**Directions for this task**
With the pictures removed, please write out every line below exactly as given.

**Given material**
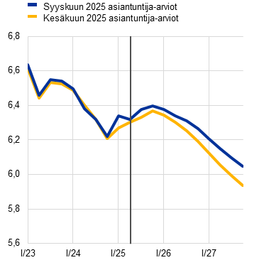 EKP:n asiantuntijoiden arviot | Syyskuu 2025 | 1,2 | 1,0 | 1,3 | 2,1 | 1,7 | 1,9 | 2,4 | 1,9 | 1,8 |
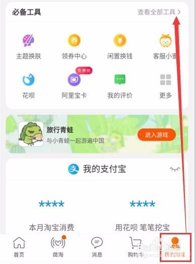 登录你要开店的淘宝账号,然后点击右下角“我的淘宝”,然后再点击“查看全部工具”,如下图所示:
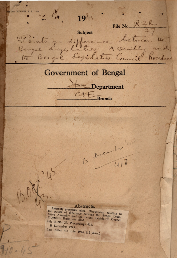 | Rack No. 08, Bundle No. 26, SI No. 1674 Recovery of costs incurred in connection with elections to the Central legislature, 1943-44. | Rack No. 08, Bundle No. 26, SI No. 1675 Commitments made on assurances given by an Honorable Minister on the floor of the legislature. | Rack No. 08, Bundle No. 26, SI No. 1676 Note for Revising Authority. | Rack No. 08, Bundle No. 26, SI No. 1677 Points of difference between the B.L.A. and B.L.C. procedure. | Rack No. 08, Bundle No. 26, SI No. 1678 Appointment of Stenographers and other staff for parliamentary Secretaries. | Rack No. 08, Bundle No. 26, SI No. 1679 Deputation of two C.I.D. Reporters to report the proceedings of the B.L.A. | Rack No. 08, Bundle No. 26, SI No. 1680 Creation of Co-ordination Committee of Council and its Secretariat. |

**Problem solution**
 EKP:n asiantuntijoiden arviot | Syyskuu 2025 | 1,2 | 1,0 | 1,3 | 2,1 | 1,7 | 1,9 | 2,4 | 1,9 | 1,8 |
 登录你要开店的淘宝账号,然后点击右下角“我的淘宝”,然后再点击“查看全部工具”,如下图所示:
 | Rack No. 08, Bundle No. 26, SI No. 1674 Recovery of costs incurred in connection with elections to the Central legislature, 1943-44. | Rack No. 08, Bundle No. 26, SI No. 1675 Commitments made on assurances given by an Honorable Minister on the floor of the legislature. | Rack No. 08, Bundle No. 26, SI No. 1676 Note for Revising Authority. | Rack No. 08, Bundle No. 26, SI No. 1677 Points of difference between the B.L.A. and B.L.C. procedure. | Rack No. 08, Bundle No. 26, SI No. 1678 Appointment of Stenographers and other staff for parliamentary Secretaries. | Rack No. 08, Bundle No. 26, SI No. 1679 Deputation of two C.I.D. Reporters to report the proceedings of the B.L.A. | Rack No. 08, Bundle No. 26, SI No. 1680 Creation of Co-ordination Committee of Council and its Secretariat. |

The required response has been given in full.